I will vote against any candidate for office who does not fight the
effort to make changes to Social Security within the next five years.
I will be vocal to my friends and family to follow my lead in this
regard. There is no crisis in Social Security other than the crisis
of distortions regarding the system’s balances. Educate yourself in
regards to this issue by reading the extensive materials provided at
this link:
http://bruceweb.blogspot.com/2008/08/angry-bear-social-security-series.html
Thank you for your attention to this letter.
Jack
Terry
and it’s a lot more palatable when you realize it’s only unfunded because no one has told the people they can pay for it — their own retirement — themselves at a rate of increasing the payroll tax about 20 cents per week each year.
Nancy,
You’re confusing Bruce’s reference to the Skomarofsky article yesterday with the reference to the L-M-S paper above. Skomarosky’s article is more of an expose outing the financial ties of the so-called reformers on the Obama Debt Commission and the banking and finance industry. Read it again so that there is no confusion and forward the link to as many people as you know.
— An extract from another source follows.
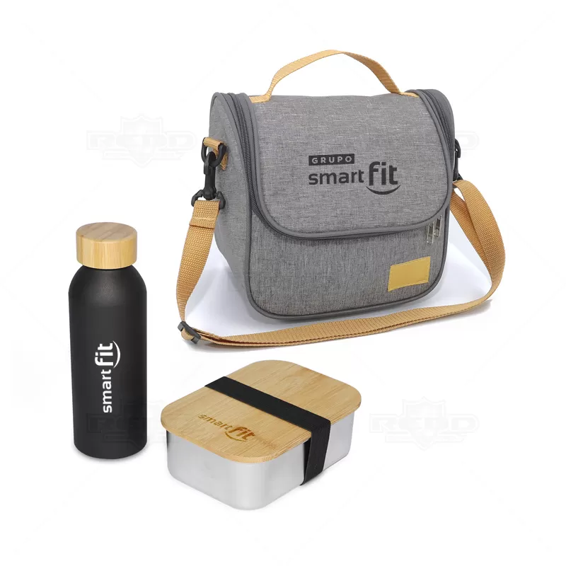 Kit Integração Onboarding Personalizado composto por 1 squeeze de inox (SQ195), uma marmita de metal (MT18) colocados perfeitamente em uma bolsa térmica de extrema elegância (BT61). Ideal para recepcionar seus novos parceiros e colaboradores.

Alternet: Obama Packs Debt Commission with Social Security Looters?
Nancy made a reading error, but her point is essentially that the infinite horizon is mind boggling science fiction. And i agree with that.
I have forgotten exactly what the deficit reduction numbers impiied by the “northwest plan” are… but Bruce is at least reasonably close. Without worrying about the high finance, the bottom line is that people can have their Social Security benefits unreduced and their retirement age not increased for the current tax level plus twenty cents per week, increased another twenty cents per week each year while wages are increase ten dollars per week.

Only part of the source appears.